こんにちは。凜調剤薬局です。

楽しいお盆休みが明け、通常の生活リズムに戻る時期になりました。
しかし、毎年この時期は、「なんだか胃が重苦しい」「食欲がわかない」「少し食べるだけでお腹がいっぱいになる」といったお腹の不調のご相談を数多く伺います。

こうした不調に対し「夏の暑さで胃が弱ってしまった」と自己判断してしまいがちですが、医学的には暑さそのものだけで胃の機能が低下するわけではありません。

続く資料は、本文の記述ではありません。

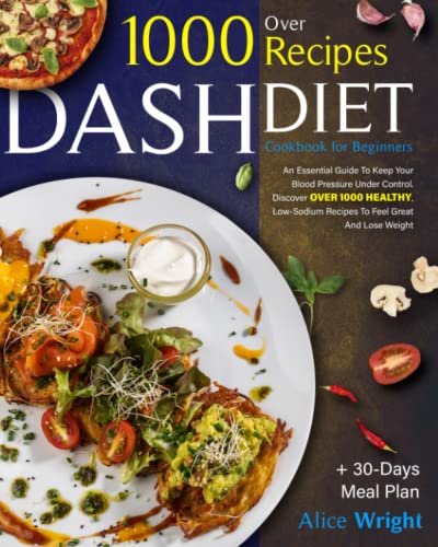 DASH DIET COOKBOOK FOR BEGINNERS : An Essential Guide to Keep Your Blood Pressure Under Control. Discover Over 1000 Healthy, Low-Sodium Recipes to Feel Great and Lose Weight + 30-Days Meal Plan by Alice Wright This book starts out with table of contents where recipes are listed as meals and food categories. Introduction discusses the diet itself, foods to avoid and foods allowed along with servings per day and those to avoid. Benefits and tips to succeed are included. 21 day meal plans. Each recipe starts with a title, prep and cook times and servings. List of ingredients and you should be able to substitute for your healthier dietary needs: low fat, low sodium, low sugar and fresh vs canned items. Some contain a LOT, be sure to have them all first. Directions are given and some nutritional information: calories, fat, carbs, protein, cholesterol, sodium, potassium are listed, NOT sure of serving size. One recipe wants you to place sheet in preheated oven, but never tells you the temperature. Read recipe all the way through. Very few recipe pictures. Some recipes nutritional information only has calories, fat, carbs and protein listed, hmmm

実際には、お盆休み中の不規則な生活習慣や食生活の変化(食べ過ぎ、脂っこい食事、飲酒、食事時間の乱れなど)が重なることで、胃の働きに乱れが生じていると考えられます。

今回は2回に渡って、「胃もたれ」をテーマにお話ししていきます。

前編として、お盆明けに起こりやすい胃もたれの「医学的なメカニズム」を分かりやすく紐解いていきます。原因を正しく理解し、胃を立て直すための一歩を踏み出しましょう。

そもそも「胃もたれ」とは何?

日常的に感じる「胃もたれ」ですが、これは特定の病名ではなく「症状」を指す言葉です。
医学的には、みぞおちを中心とする上腹部(胃のあたり)に生じる不快な症状の総称であり、「ディスペプシア症状」とも呼ばれます。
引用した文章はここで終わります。